Slade looked around us and pressed his lips together.

“They do. They might be on the way. Or they might be packed inside waiting for us to storm in.”

“So there’s a chance he’s not here either,” I said.

Things didn’t add up. It would only make sense if Wesley and the boys weren’t anywhere close.

After the message we caught on the Android phone, we did what we set out to do. Get to work. Only for it to be derailed by chatter on GhostLink the moment we set foot outside.

The chatter in question? A message from an unknown sender with a location pin a mile away from the original one in Salisbury Beach and a simple question: “Are you coming?”

So with two locations so close by and two opposing pieces of intel, we made the best of the situation and approached both locations with caution.

“I don’t know, man,” Slade said after taking another shot. “This feels weird. If they’ve got the manpower, why aren’t they crowding us? They outnumber us.”

I nodded.

“Unless they don’t,” I said, and as I rose over the hood of the car to take a shot, I saw someone rush out the front door and duck behind the staircase that led to the boathouse.

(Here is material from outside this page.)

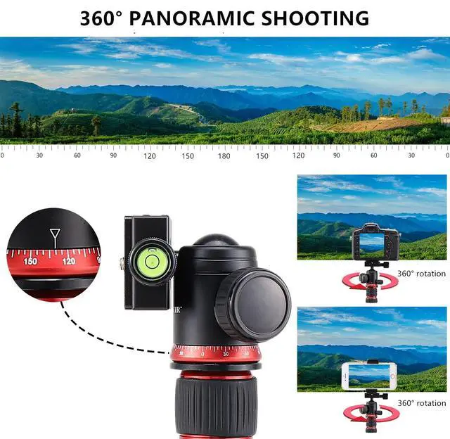 The ball head is specially designed to make it more stable. Also upgraded design 28mm metal ball head can be rotated 360, just fix your phone or camera on a tripod and rotate the ball head to shoot the perfect photo at any angle horizontally and vertically ^^ WORRY-FREE SERVICEOur technicians are constantly upgrading and optimizing our packaging and product quality to ensure safe and high-quality reach to your hands, and will do our best to provide you with a satisfactory shopping experience

A bullet clipped my ear before I could react or take a closer look, and I dropped to the ground behind the SUV.

“Who the fuck is that?” I asked Slade.

Slade lay on his back to look at the stranger.

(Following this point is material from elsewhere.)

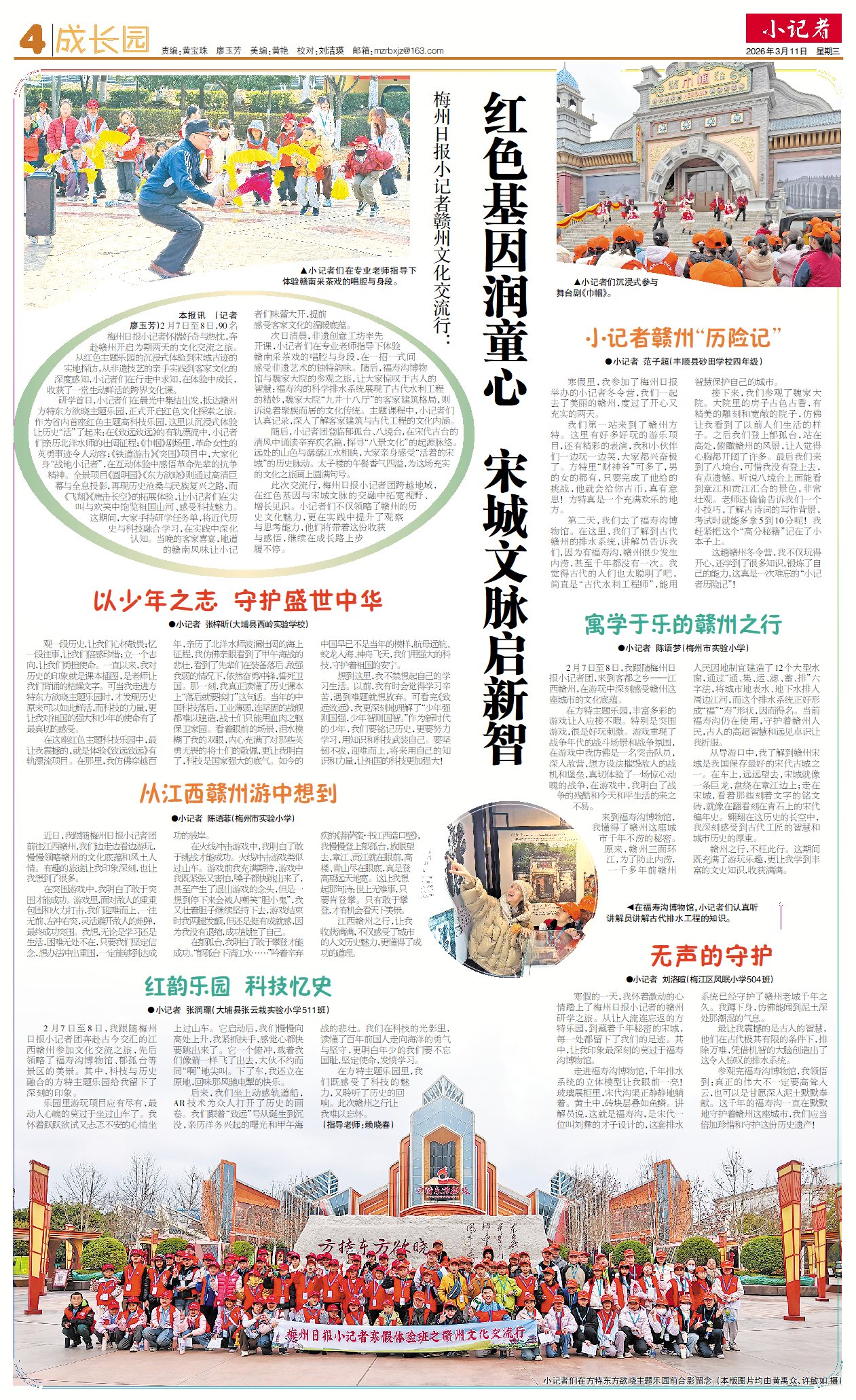 本报讯 (记者廖玉芳)2月7日至8日,90名梅州日报小记者怀揣好奇与热忱,奔赴赣州开启为期两天的文化交流之旅。从红色主题乐园的沉浸式体验到宋城古迹的实地探访,从非遗技艺的亲手实践到客家文化的深度感知,小记者们在行走中求知,在体验中成长,收获了一堂生动鲜活的跨界文化课。

“That’s—” he started and promptly stopped when a car appeared out of nowhere and swerved around the front door.

Before either of us could react, the passenger door opened and the driver’s window rolled down. Then the bullets rained down on us. If it weren’t for our cover, we’d have definitely caught strays. But they did the work they were meant for, and the stranger got away scot-free.

“Shit!” I spat. “Fuckers.”

“Alpha Team, we have a gateway car heading westbound. Black Camry. At least two occupants. Can you intercept?”